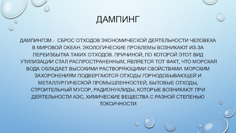 Дампингом - сброс отходов экономической деятельности человека в Мировой океан. Экологические
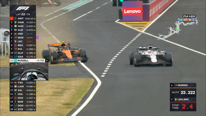 Единственная борьба между Максом и Ландо развернулась в боксах, когда они одновременно заехали на пит-стоп, а на выезде британец по траве пытался пройти конкурента, однако успеха не добился.
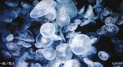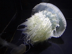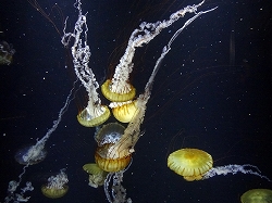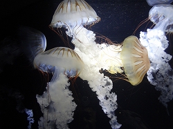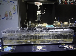 右はビゼンクラゲで以前はスナイロクラゲと呼ばれていたそうだ。以前日本海で大量発生したエチゼンクラゲに似てますね。左はクラゲ栽培センターのコーナーでクラゲがふ化から徐々に1日単位で大きくなっていく様を水槽で見ることが出来ます。研究ラボみたいだが、近寄って見ることが出来ます。 |

--- THE PROBLEM ---
Everything from the line with "Единственная борьба между" through the final line of the material is to be returned exactly, both ends included, apart from the pictures.

--- THE COMPLETED TASK ---
 Единственная борьба между Максом и Ландо развернулась в боксах, когда они одновременно заехали на пит-стоп, а на выезде британец по траве пытался пройти конкурента, однако успеха не добился.
 右はビゼンクラゲで以前はスナイロクラゲと呼ばれていたそうだ。以前日本海で大量発生したエチゼンクラゲに似てますね。左はクラゲ栽培センターのコーナーでクラゲがふ化から徐々に1日単位で大きくなっていく様を水槽で見ることが出来ます。研究ラボみたいだが、近寄って見ることが出来ます。 |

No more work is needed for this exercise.